Figure 6: Instability hierarchy in a fluid. In the Taylor experiment, a liquid layer is situated between two coaxial cylinders, the inner one rotating. a) At small rotation speed, a roll pattern appears, where each roll moves outwards and then inwards. b) At an increased critical rotation speed of the inner cylinder, an oscillatory motion of the rolls sets in. c) At a still higher rotation speed, the oscillatory motion becomes more complicated. d) The fluid finally shows weak turbulence, that may be related to chaos. (After Fenstermacher et al. (1979)).

Self-Organization of the second kind: no reduction to few degrees of freedom

A typical example of this kind of self-organization was given in a talk of the famous Cyberneticist Heinz von Foerster, given many years ago at a conference on marketing in Vienna.
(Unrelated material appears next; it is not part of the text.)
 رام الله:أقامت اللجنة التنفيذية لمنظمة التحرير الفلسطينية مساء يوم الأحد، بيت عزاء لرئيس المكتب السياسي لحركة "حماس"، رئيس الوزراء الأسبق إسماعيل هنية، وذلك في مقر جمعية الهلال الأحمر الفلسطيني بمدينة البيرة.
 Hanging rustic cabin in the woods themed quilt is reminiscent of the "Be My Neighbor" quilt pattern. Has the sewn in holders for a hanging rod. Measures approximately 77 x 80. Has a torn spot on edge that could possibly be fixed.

During World War II in a sea-battle between Japan and the USA, the American admiral’s ship was heavily damaged so that he could no more give orders to his fleet. Then by “self-organization” each American ship chose its own opponent. This problem is closely related to the “assignment problem” in which N machines (of partly different capabilities) are assigned to N jobs. While this problem can be solved analytically, still more complicated assignment tasks, e.g. between machines, jobs and workers are supposed to be NP complete.
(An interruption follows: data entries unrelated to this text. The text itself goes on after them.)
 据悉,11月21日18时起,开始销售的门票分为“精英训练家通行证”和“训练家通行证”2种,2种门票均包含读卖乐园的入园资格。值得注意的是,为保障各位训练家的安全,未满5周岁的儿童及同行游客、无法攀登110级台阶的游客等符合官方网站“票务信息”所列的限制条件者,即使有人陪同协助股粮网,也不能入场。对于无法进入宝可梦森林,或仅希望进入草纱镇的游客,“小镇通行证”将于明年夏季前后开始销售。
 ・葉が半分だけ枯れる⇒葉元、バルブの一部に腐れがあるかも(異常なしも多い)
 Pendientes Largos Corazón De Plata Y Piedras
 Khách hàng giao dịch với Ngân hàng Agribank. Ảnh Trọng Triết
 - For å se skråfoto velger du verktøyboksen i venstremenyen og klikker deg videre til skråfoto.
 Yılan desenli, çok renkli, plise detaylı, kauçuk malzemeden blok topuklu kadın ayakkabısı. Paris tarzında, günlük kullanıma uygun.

An experimental access to an approximate solution may be possible by multi-agents systems (Kernbach 2008).

Self-Organization in general

Some systems may show self-organization of the first or second kind depending on boundary conditions, initial conditions, parameter values etc.
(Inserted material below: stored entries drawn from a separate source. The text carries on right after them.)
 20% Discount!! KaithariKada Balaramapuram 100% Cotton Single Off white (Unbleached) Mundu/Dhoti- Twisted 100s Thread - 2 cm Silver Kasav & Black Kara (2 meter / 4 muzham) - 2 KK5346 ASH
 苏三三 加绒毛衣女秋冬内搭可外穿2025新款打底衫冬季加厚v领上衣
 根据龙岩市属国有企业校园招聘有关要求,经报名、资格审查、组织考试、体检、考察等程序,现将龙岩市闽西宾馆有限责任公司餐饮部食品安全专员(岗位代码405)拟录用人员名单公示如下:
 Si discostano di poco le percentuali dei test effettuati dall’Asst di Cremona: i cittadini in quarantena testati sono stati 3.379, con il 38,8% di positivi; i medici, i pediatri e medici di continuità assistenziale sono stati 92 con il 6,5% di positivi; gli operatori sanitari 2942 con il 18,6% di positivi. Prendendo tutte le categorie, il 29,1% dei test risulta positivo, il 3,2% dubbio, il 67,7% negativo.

Where does it occur: Inanimate World

Physics

• Formation of spatial, temporal or spatiotemporal patterns. We mention a few examples.
• Lasers: coherent light, self-organization of many atoms
• Nonlinear optics: coherent light, self-focusing, generation of harmonics, coherent Raman and Brillouin scattering, etc.
• Fluid dynamics, gas dynamics: cloud streets, convection instability, Taylor-Couette flow, roll patterns, hexagonal patterns (Bénard cells), weak turbulences, defects, etc.
• Gas discharges: patterns of molecular densities under the impact of electromagnetic fields.
• Plasma physics: density and velocity patterns of partly or fully ionized atoms and electrons in (partly self-organized) electromagnetic fields, instabilities.
• Semi conductors: patterns of electron and hole densities and currents, Gunn-effect, current filaments.
• Astrophysics: formation and structure of planets, stars, galaxies, big bang, voids, etc.
• Meteorology: climatology, cloud formations, cyclones, etc.
• Geophysics / Geodynamics: inner and surface structure of the earth, geodynamo
• Hadron plasmas: formation of hadron plasmas in high energy collisions of hadrons.
• Self-sustained oscillations: can be found in many of the above mentioned fields.
• Radio-engineering and other sources of coherent electromagnet fields: magnetron, clystrons, etc.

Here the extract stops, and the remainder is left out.